I figured out why this is a problem and temporarily resolve my issue by reducing the number of goroutines in loader.go#L316 to 1000. Ignore the previous message that said it didn’t work (maybe I didn’t build it correctly)
Now I can run it will -numCpus 4
and it will still not crash.
The reason this happens is that all the goroutines are blocked in a cgo
call to rocksdb. Here is a stack trace of a blocked goroutine:
goroutine 38 [runnable, locked to thread]:
github.com/dgraph-io/dgraph/vendor/github.com/tecbot/gorocksdb._Cfunc_rocksdb_get(0x5a42d30, 0x4f1fbe0, 0xc482119420, 0xf, 0xc482119470, 0xc48209ecc8, 0x0)

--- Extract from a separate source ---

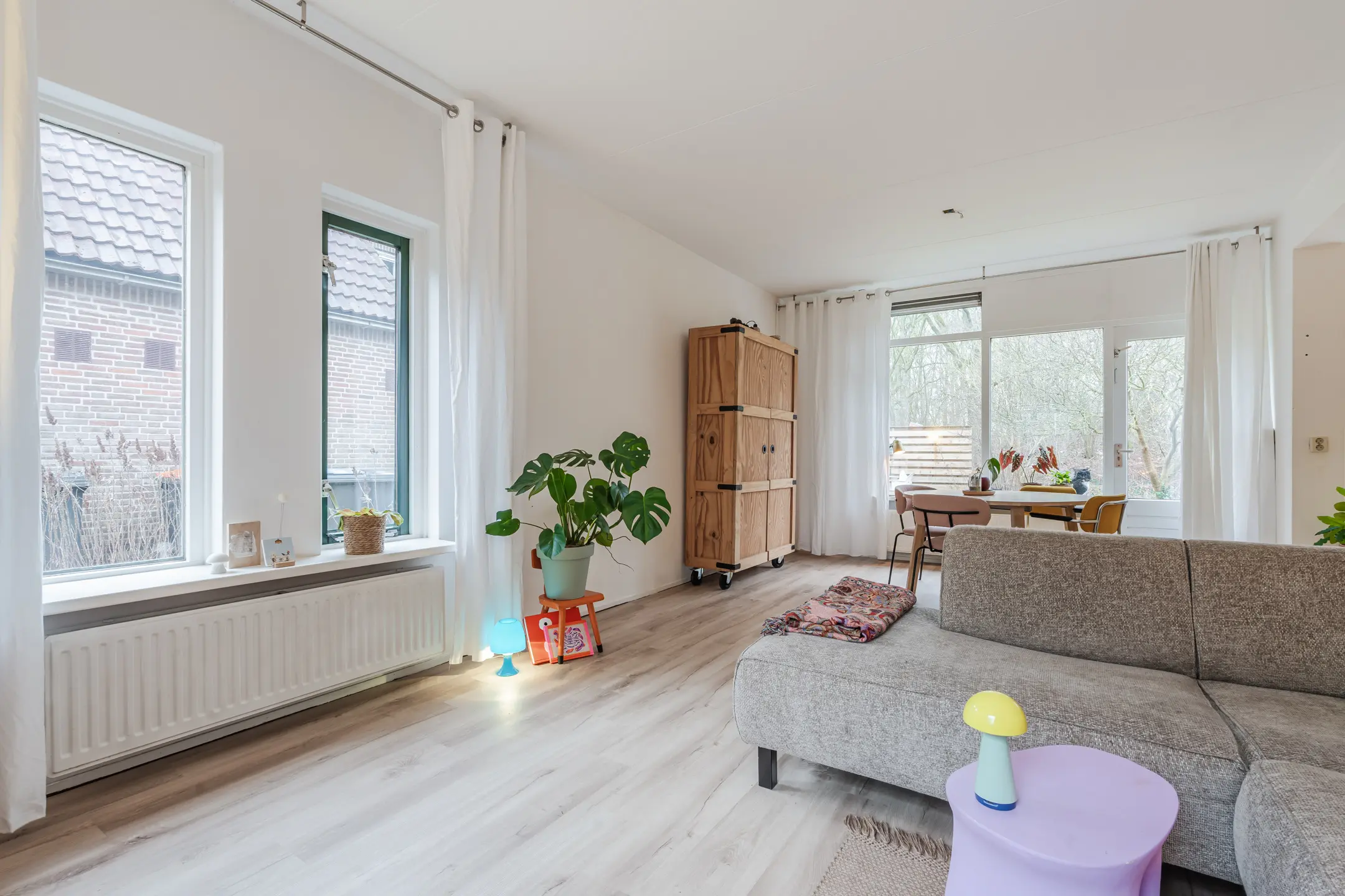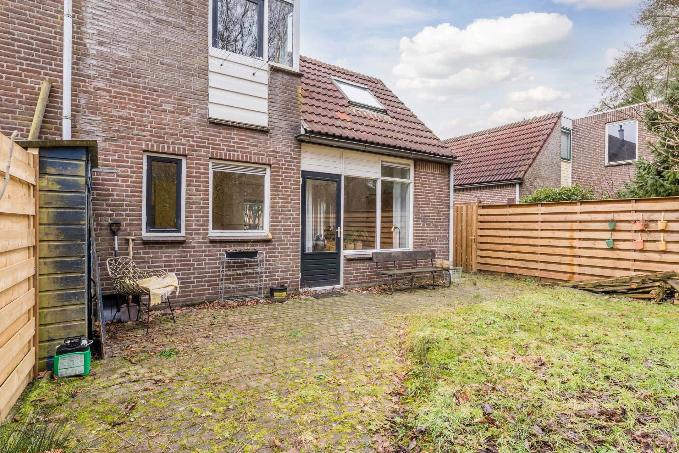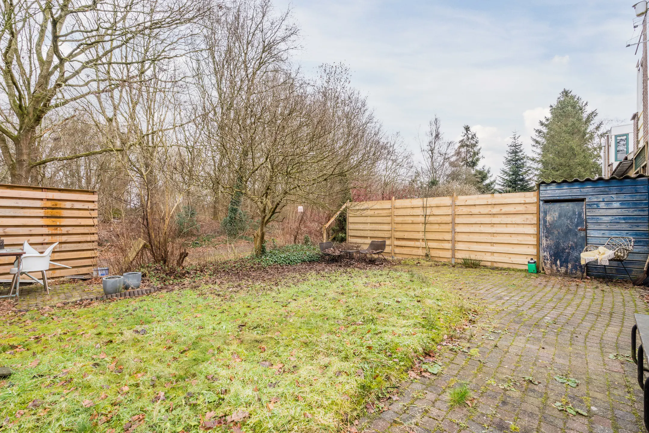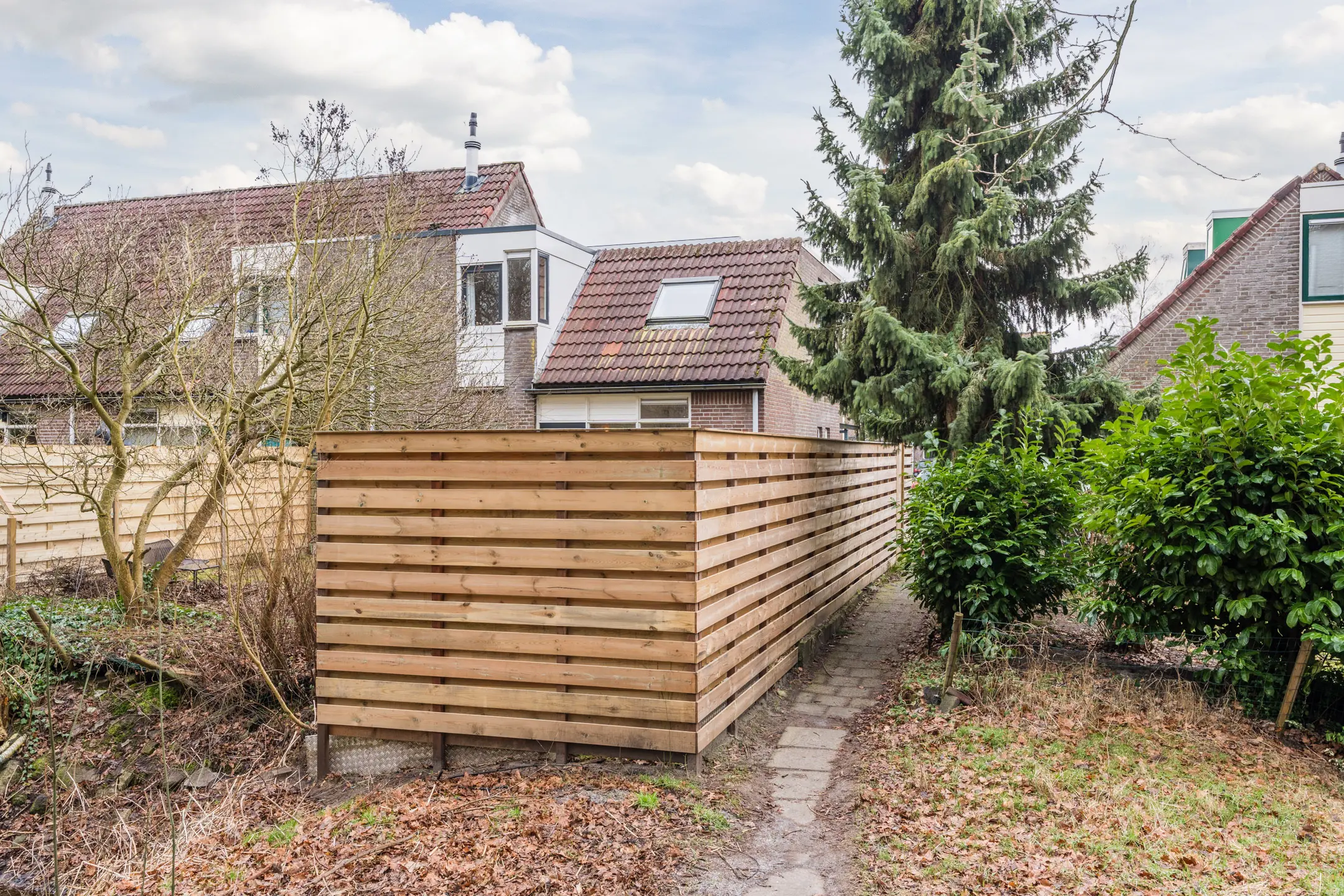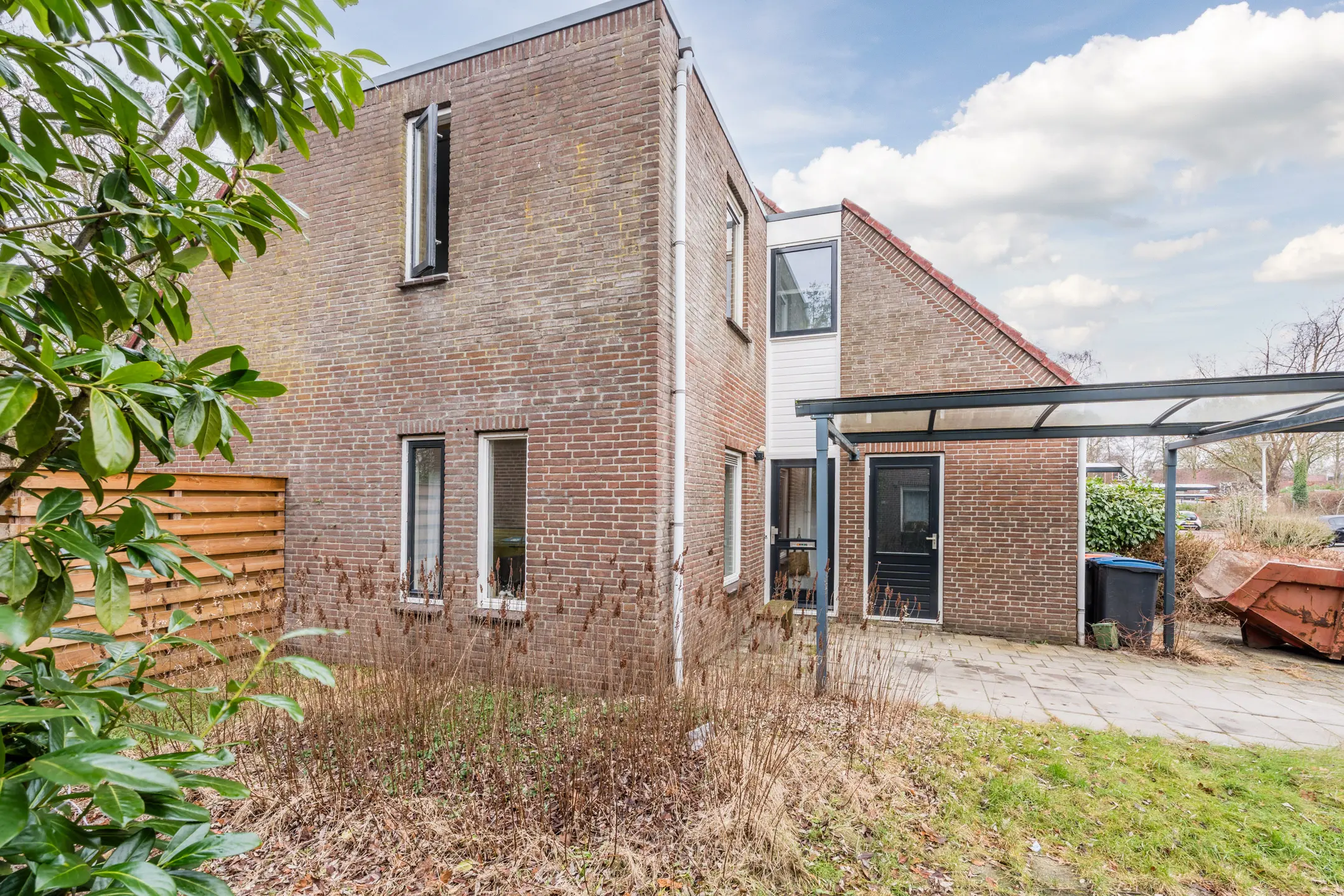 De privacyrijke achtertuin, gelegen op het noordwesten, grenst direct aan groen en biedt een rustige plek om te ontspannen. De tuin is bereikbaar via een achterom. Parkeren kan op eigen terrein, zowel op de oprit als onder de carport.

github.com/dgraph-io/dgraph/vendor/github.com/tecbot/gorocksdb/_obj/_cgo_gotypes.go:1059 +0x4e
github.com/dgraph-io/dgraph/vendor/github.com/tecbot/gorocksdb.(*DB).Get(0xc42010d420, 0xc42002c1a0, 0xc482119420, 0xf, 0x10, 0x0, 0x0, 0x0)
/Users/kostub/Work/go/src/github.com/dgraph-io/dgraph/vendor/github.com/tecbot/gorocksdb/db.go:224 +0x28e
github.com/dgraph-io/dgraph/store.(*Store).Get(0xc4201504b0, 0xc482119420, 0xf, 0x10, 0x0, 0x0, 0xc45bae6000, 0x40ef1d0, 0xc482128dd0)
/Users/kostub/Work/go/src/github.com/dgraph-io/dgraph/store/store.go:63 +0x73
github.com/dgraph-io/dgraph/posting.(*List).getPostingList(0xc482128dd0, 0x43cc530)
/Users/kostub/Work/go/src/github.com/dgraph-io/dgraph/posting/list.go:256 +0xd3
github.com/dgraph-io/dgraph/posting.(*List).init(0xc482128dd0, 0xc482119420, 0xf, 0x10, 0xc4201504b0, 0x0)
/Users/kostub/Work/go/src/github.com/dgraph-io/dgraph/posting/list.go:222 +0x142
github.com/dgraph-io/dgraph/posting.GetOrCreate(0xc482119420, 0xf, 0x10, 0xc4201504b0, 0x0)
/Users/kostub/Work/go/src/github.com/dgraph-io/dgraph/posting/lists.go:274 +0x1f3
github.com/dgraph-io/dgraph/uid.GetOrAssign(0xc47282a425, 0x9, 0x0, 0x1, 0x8573ec69b78b3600, 0x0, 0x0)
/Users/kostub/Work/go/src/github.com/dgraph-io/dgraph/uid/assigner.go:206 +0xbb
github.com/dgraph-io/dgraph/loader.(*state).assignUid(0xc420013540, 0xc47282a425, 0x9, 0x4c92563671bd5246, 0x9)
/Users/kostub/Work/go/src/github.com/dgraph-io/dgraph/loader/loader.go:197 +0x86
github.com/dgraph-io/dgraph/loader.(*state).assignUidsOnly(0xc420013540, 0xc420118ad0)
/Users/kostub/Work/go/src/github.com/dgraph-io/dgraph/loader/loader.go:233 +0x2d9
created by github.com/dgraph-io/dgraph/loader.AssignUids
/Users/kostub/Work/go/src/github.com/dgraph-io/dgraph/loader/loader.go:317 +0x27e
When a goroutine is blocked in a cgo, the go scheduler creates a new threads for the remaining goroutines. See discussion at Google Groups
A good explanation can be found at: The Cost and Complexity of Cgo
Most likely, the disk on my mac isn’t fast enough (it’s not an SSD) for the rocksdb calls to return in time which causes go to create the number of threads == number of goroutines and thus go over the thread limit.
A simple solution for the problem is to drop the max number of goroutines like I did, however this is not a good solution as we still end up creating 1000s of threads. A better way might be to avoid using cgo and either write a native go storage or use a separate C process to write to rocksdb.